Mevzun olduğum sınıfta hiç bir arkadaşım okuduğum okulu kazanamadı. Bundan ötürü sınıfımda tanıdığım hiç bir kimse yoktu. 9. sınıfın ilk günü yeni bir çevreye ayak baştım.

 İlk hafta Yiğit Yılmaz'la tanıştım ve onun arkadaşlarıyla 4-5 ay sadece Yiğit'lerle oynadım , başka hiç bir kim şeyle konuşmadım zaten çokta konuşmazdım.

10 Kasım günü Atatürk'ü anmak için törene katılmıştım. O gün Yiğit Asaf'la sırada yan yanaydık. Uzun süren gösteriler nedeniyle Asaf'la uzun süren bir muhabbetimiz oldu. Pazarteside uzun süren muhabbetimiz devam etti. Bir hafta sonunda Asaf'la çok yakın arkadaş olmuştuk.

 İlk yazılı haftamda da Umutla tanıştım. Yazılılar üzerinden başlayan muhabbetimiz koyulaştıkça yakınlaştık , yakınlaştıkça bir çok ortak yönümüz olduğunu fark ettik. İlk yazılılarım bittiğinde Asaf ve Batu'nun önündeki sıraya geçtim. O zamanlar Umut , Oğul Can'la oturuyordu. O gün beden dersinde Umut , Oğul Can'la tartışması üzerine Umut ani bir kararla benim yanıma oturdu. O gün Umutla çok güzel bir zaman geçirmiştik , o benim zorlandığım derslerde bana yardım ediyor , bende onun zorlandığı derslerde ona yardım ediyordum. O günü hiç unutmuyorum , gün fizik dersimiz vardı. Umut fizik dersinde konuyu anlamamıştı ,  soruyu silip silip yeniden yazıyor ama her seferinde cevabı yanlış buluyordu. Umut'a sordum:

     -Yardım edebilir miyim ?                           ,                                                                                              diye sordum.  Umut konuyu anlayamadığını ve bu yüzden soruyu yapamadığını söyledi. O teneffüs  Umut'a konuyu yeniden anlattım ve soruyu nasıl çözmesi gerektiğini anlattım. O gün umutla çok sıkı dost olmuştuk. 

Asaf ve Batu'nun önündeki sıraya geçmemle 1-2 hafta içinde Batu'yla da yakınlaştık. Batu okula erken geliyordu , bende Asaf ve Umut'tan erken geliyordum. Ders saati gelene kadar Batu'yla muhabbet ediyorduk ve bu muhabbetlerimizle  yakınlaştık.                                                                           

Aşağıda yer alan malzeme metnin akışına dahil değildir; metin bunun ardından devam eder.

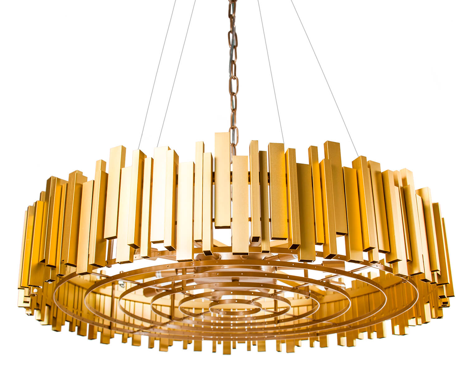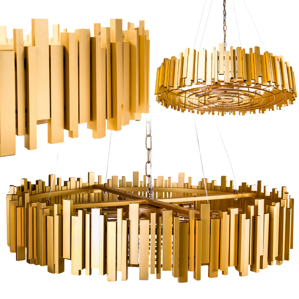 Wykonany z najwyższej jakości materiałów, nasz żyrandol w kolorze ekskluzywnego złota to synonim wyrafinowania.

 İste bu şekilde yeni dostlarımı buldum.     

Öğretmenler

4 yıldır alıştığım öğretmenlerime veda ettim. Bir daha onların derslerine girememek ve onların ders anlatmalarına bir daha dinleyememek insanda bir boşluk oluşturuyor. Daha dün derslerinin bitmesini istediğim hocaların simdi derslerinin hasretini çekiyorum. 

Dersler

Galiba değişmeyen tek şey dersler. Matematik aynı Matematik, Türkçe aynı Türkçe sadece ismi farklı ve dil bilgisi yok. Fen ve yabancı dilin ise sayısı artı o kadar. 

Sınavlar

Galiba bu dönemde beni en çok zorlayan şeyler sınavlar oldu. Burada girdiği hiç bir sınav , orta okulda girdiğim sınavlar gibi değil. Derslerin fazlalığı bazı derslerden feragat etmeme neden oldu bu dönem , Biyoloji yüksek olsun diye Dini düşürdüm , Almanca yüksek olsun diye Tarihi düşürdüm. 

Akıl 

Liseye geçtiğimden beri bilgisayar vb. bir çok oyunu bıraktım. Hala bazen girip oynuyorum , eskisi gibi eylenmek için ama artık eskisi gibi eylenmiyorum, artık o tadı alamıyor oldum , galiba her şey zamanında güzel. Artık her uyandığımda bir şiir okumaya çalışıyor, nedendir bilmem ama o şiir gün boyu aklımda tekrar edip durur , çokta uzun okuyamasam da her gün düzenli olarak kitap okuyorum. 

Galiba büyümek böyle bir şey , çevresi gibi kendi de değişiyor insanın.